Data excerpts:
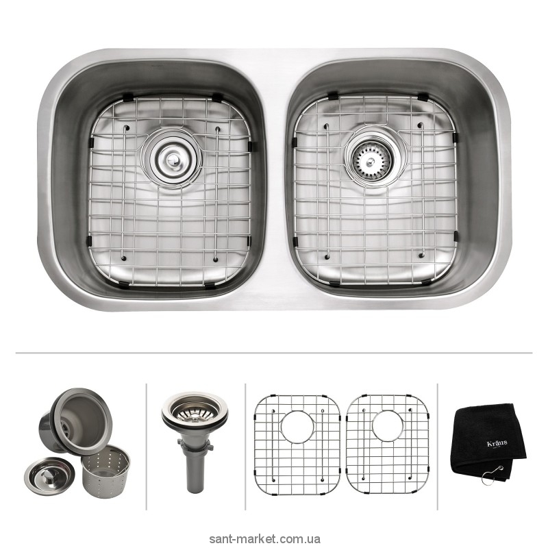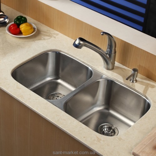 Мийка кухонна KBU22 від американської компанії Kraus складається з двох рівноцінних за розміромчаш із сатиново-матовим, стійким до подряпин покриттям. Сантехніка монтується під стільницю кухні, має дуже скромні розміри та займе на стільниці менше одного метра. Невеликий розмір бортиків дозволяє вдало вписати виріб в будь-яке зручне для користувача місце. При цьому обидві чаші мийки вміщують досить габаритний посуд, а їхня значна глибина захищає користувача від розбризкування води в процесі миття. Товщина нержавіючої сталі кожної з чаш становить 1,5 мм. Матеріал преміум класу стійкий до найрізноманітніших фізичних та хімічних впливів. Зовнішня сторона обклеєна антишумовим покриттям, що поглинає звуки води, що ллється і поміщається в миття посуду. У комплектвироби входять сучасні сифони, що затримують харчові відходи, донні водяні фільтри також з якісної нержавіючої сталі, сітки для захисту дна чаш мийки. Для зручності установки виробник також включив у комплект настановні кронштейни та вирізне лекало. Вдалим подарунком доповненням до вашої покупки стане фірмовий кухонний рушник Kraus.
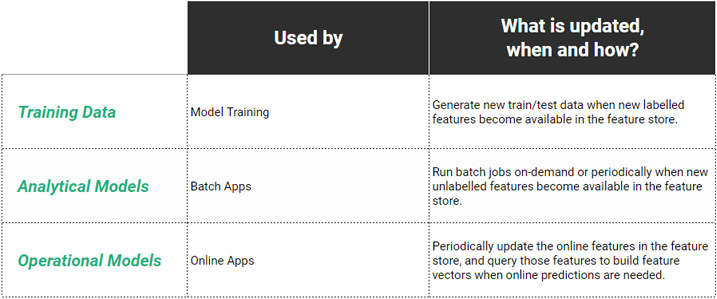 Predictions made by models can be stored in the feature store along with the outcomes for those predictions. There can be long lags of even days or months or years before outcomes become available - e.g., a prediction on whether a loan will be repaid or not), but as they arrive new training data becomes available that can be used to trigger re-training of models.
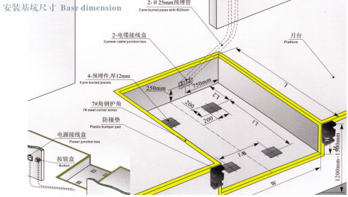 ●預(yù)埋管在地坑外的走向,由客戶視按鈕安裝位置,動(dòng)力電源接線盒位置決定管路走向。
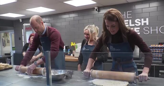 วิลเลียม เจ้าชายแห่งเวลส์ รัชทายาทลำดับที่ 1 แห่งราชวงศ์อังกฤษ และเจ้าหญิงแคทเธอรีนแห่งเวลส์ พระชายา ทรงร่วมกันทำเค้กแบบฉบับเวลส์ ที่ร้านขายขนมปังทางใต้ของเวลส์
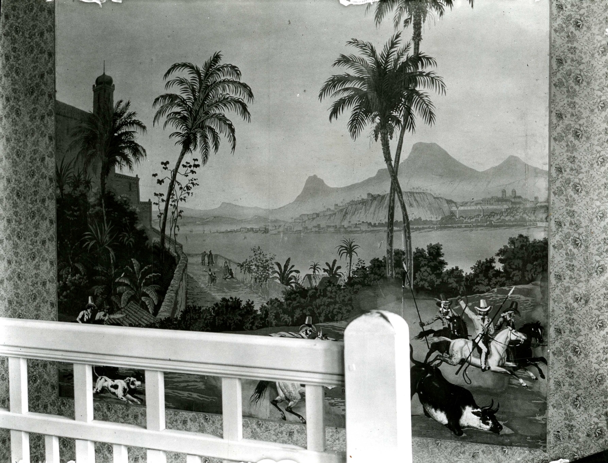 En målning i Stensberg med bland annat palmer och män som tjurfäktas, troligtvis i Karibien.
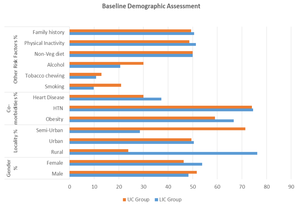 In the present study, the data of 202 participants were analyzed. The mean age of the LIC group patients was 51.4 ± 9.3 and UC group patients were 54.0 ± 8.6 with an age range from 35 to 70 years. The number of male participants was higher 118 (58.4%) than females’ participants 84 (41.6%). A maximum number of participants belonged from urban (111) areas as compared to rural and semi-urban 42 and 49 respectively. The average duration of diabetes of the LIC group was 7.93 ± 6.4 and the UC group was 7.88 ± 5.9. In this study out of 202 patients, 127 patients were obese, 150 having hypertension, 68 patients were having heart disease. Out of 202 patients, 77 patients were having a history of diabetes, in which 39 patients from the LIC group and 38 from the UC group. Out of total patients, 112 patients were Non-vegetarian, 89 was a vegetarian and one was Vegan. Out of total patients, 31 patients were smokers, 24 patients had the habit of tobacco chewing, and 51 patients consumed alcohol in excess amount and 114 patients had no personal habits of tobacco and alcohol. At baseline assessment, 87 patients were physically active, in which 43 patients in the LIC group and 44 in the UC group. Out of 202 patients, only 23 patients were performing meditation to control stress and only 35 patients have monitored their blood glucose regularly at baseline. The data of demographic profile and baseline assessment of LIC and UC are summarized in Figure 1.
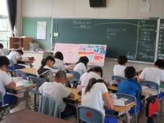 6の2は担任が出張で自習でしたが、子どもたちは社会の勉強のまとめを集中して取り組んでいました。
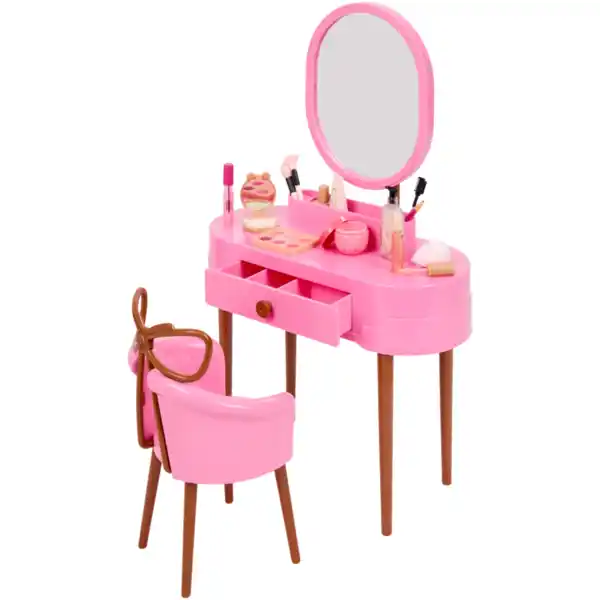 Verwandle jedes Puppenhaus in einen Salon: Dieser zauberhafte Frisiertisch lädt zu kreativen Make-overs ein. Mit Spiegel, Ablage und liebevollen Details erhalten deine Puppen eine erstklassige Beauty-Behandlung – perfekt für stundenlangen Spielspaß!
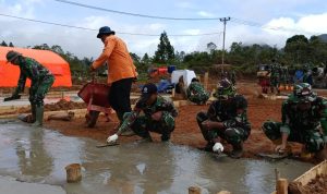 Lima Puluh Kota — Satgas TNI kembali melanjutkan pembangunan Rumah Hunian Sementara (Huntara) bagi masyarakat terdampak bencana alam di Nagari Koto Tinggi, Kecamatan Gunuang Omeh, Kabupaten Lima Puluh Kota, Minggu (21/12/2025).
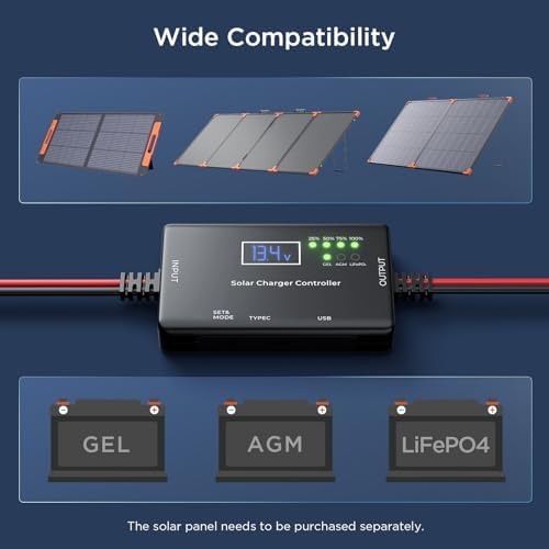?Perfect for RV & Emergency Backup?Designed as part of your RV essentials, this controller is perfect for camping gear, boating accessories, and off grid setups. Whether you’re traveling in your RV, exploring outdoors, or preparing for emergency power at home, it keeps your batteries safely charged and ready when you need them most.
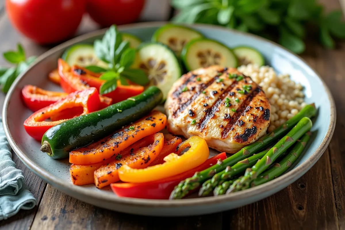- Kolacja: pieczona pierś z kurczaka z mieszanką warzyw.
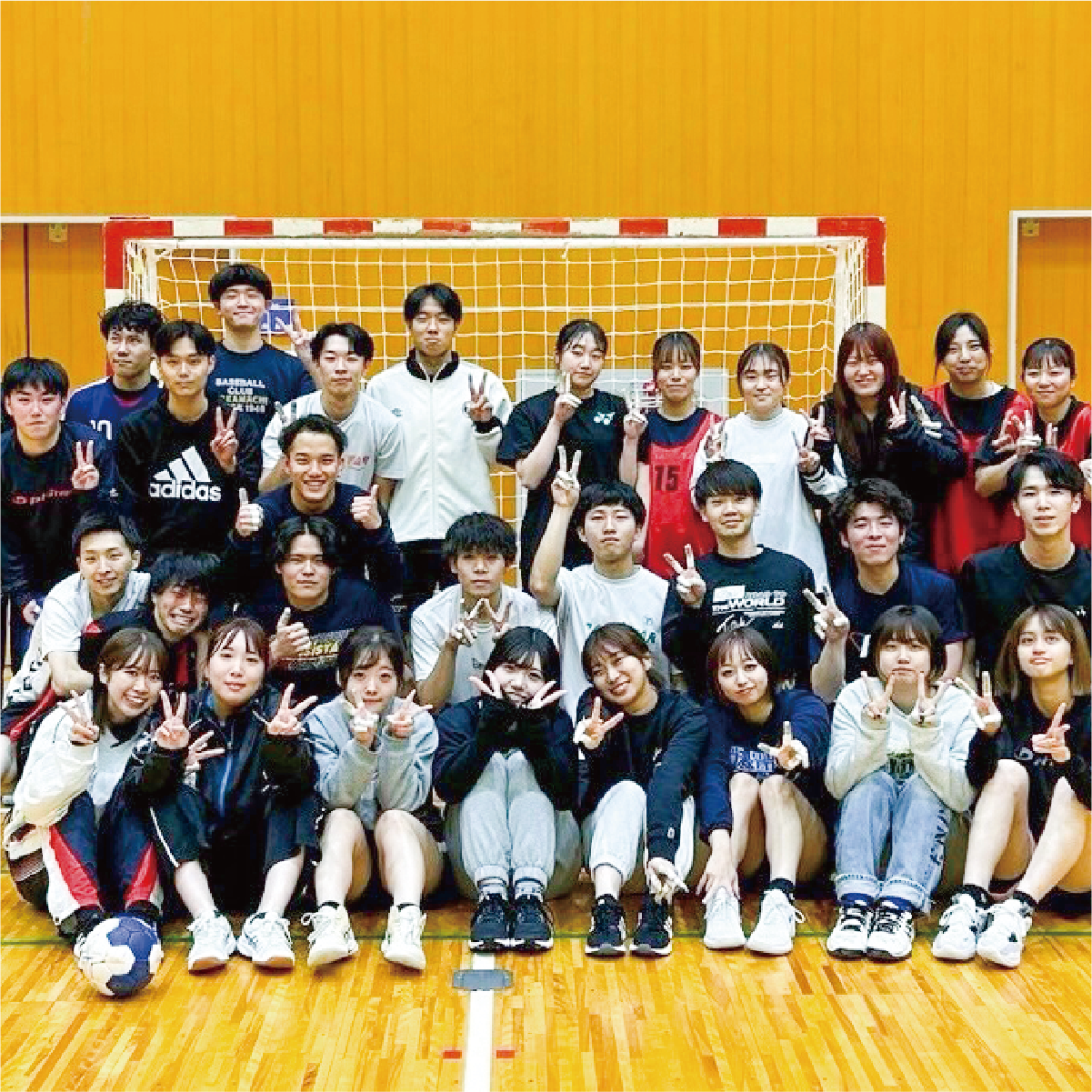 ハンドボールは「走る、投げる、跳ぶ」の三要素が揃ったスポーツでスピード、迫力ある攻防や華麗なシュートが魅力のスポーツです。新潟医療福祉大学ハンドボール部では男女一緒に活動しており、半分以上が初心者です。経験者の方、未経験者の方どちらも大歓迎です!

▸ Your assignment:
Each record above should be duplicated word for word, with no pictures included.

▸ Finished exercise:
 Мийка кухонна KBU22 від американської компанії Kraus складається з двох рівноцінних за розміромчаш із сатиново-матовим, стійким до подряпин покриттям. Сантехніка монтується під стільницю кухні, має дуже скромні розміри та займе на стільниці менше одного метра. Невеликий розмір бортиків дозволяє вдало вписати виріб в будь-яке зручне для користувача місце. При цьому обидві чаші мийки вміщують досить габаритний посуд, а їхня значна глибина захищає користувача від розбризкування води в процесі миття. Товщина нержавіючої сталі кожної з чаш становить 1,5 мм. Матеріал преміум класу стійкий до найрізноманітніших фізичних та хімічних впливів. Зовнішня сторона обклеєна антишумовим покриттям, що поглинає звуки води, що ллється і поміщається в миття посуду. У комплектвироби входять сучасні сифони, що затримують харчові відходи, донні водяні фільтри також з якісної нержавіючої сталі, сітки для захисту дна чаш мийки. Для зручності установки виробник також включив у комплект настановні кронштейни та вирізне лекало. Вдалим подарунком доповненням до вашої покупки стане фірмовий кухонний рушник Kraus.
 Predictions made by models can be stored in the feature store along with the outcomes for those predictions. There can be long lags of even days or months or years before outcomes become available - e.g., a prediction on whether a loan will be repaid or not), but as they arrive new training data becomes available that can be used to trigger re-training of models.
 ●預(yù)埋管在地坑外的走向,由客戶視按鈕安裝位置,動(dòng)力電源接線盒位置決定管路走向。
 วิลเลียม เจ้าชายแห่งเวลส์ รัชทายาทลำดับที่ 1 แห่งราชวงศ์อังกฤษ และเจ้าหญิงแคทเธอรีนแห่งเวลส์ พระชายา ทรงร่วมกันทำเค้กแบบฉบับเวลส์ ที่ร้านขายขนมปังทางใต้ของเวลส์
 En målning i Stensberg med bland annat palmer och män som tjurfäktas, troligtvis i Karibien.
 In the present study, the data of 202 participants were analyzed. The mean age of the LIC group patients was 51.4 ± 9.3 and UC group patients were 54.0 ± 8.6 with an age range from 35 to 70 years. The number of male participants was higher 118 (58.4%) than females’ participants 84 (41.6%). A maximum number of participants belonged from urban (111) areas as compared to rural and semi-urban 42 and 49 respectively. The average duration of diabetes of the LIC group was 7.93 ± 6.4 and the UC group was 7.88 ± 5.9. In this study out of 202 patients, 127 patients were obese, 150 having hypertension, 68 patients were having heart disease. Out of 202 patients, 77 patients were having a history of diabetes, in which 39 patients from the LIC group and 38 from the UC group. Out of total patients, 112 patients were Non-vegetarian, 89 was a vegetarian and one was Vegan. Out of total patients, 31 patients were smokers, 24 patients had the habit of tobacco chewing, and 51 patients consumed alcohol in excess amount and 114 patients had no personal habits of tobacco and alcohol. At baseline assessment, 87 patients were physically active, in which 43 patients in the LIC group and 44 in the UC group. Out of 202 patients, only 23 patients were performing meditation to control stress and only 35 patients have monitored their blood glucose regularly at baseline. The data of demographic profile and baseline assessment of LIC and UC are summarized in Figure 1.
 6の2は担任が出張で自習でしたが、子どもたちは社会の勉強のまとめを集中して取り組んでいました。
 Verwandle jedes Puppenhaus in einen Salon: Dieser zauberhafte Frisiertisch lädt zu kreativen Make-overs ein. Mit Spiegel, Ablage und liebevollen Details erhalten deine Puppen eine erstklassige Beauty-Behandlung – perfekt für stundenlangen Spielspaß!
 Lima Puluh Kota — Satgas TNI kembali melanjutkan pembangunan Rumah Hunian Sementara (Huntara) bagi masyarakat terdampak bencana alam di Nagari Koto Tinggi, Kecamatan Gunuang Omeh, Kabupaten Lima Puluh Kota, Minggu (21/12/2025).
?Perfect for RV & Emergency Backup?Designed as part of your RV essentials, this controller is perfect for camping gear, boating accessories, and off grid setups. Whether you’re traveling in your RV, exploring outdoors, or preparing for emergency power at home, it keeps your batteries safely charged and ready when you need them most.
- Kolacja: pieczona pierś z kurczaka z mieszanką warzyw.
 ハンドボールは「走る、投げる、跳ぶ」の三要素が揃ったスポーツでスピード、迫力ある攻防や華麗なシュートが魅力のスポーツです。新潟医療福祉大学ハンドボール部では男女一緒に活動しており、半分以上が初心者です。経験者の方、未経験者の方どちらも大歓迎です!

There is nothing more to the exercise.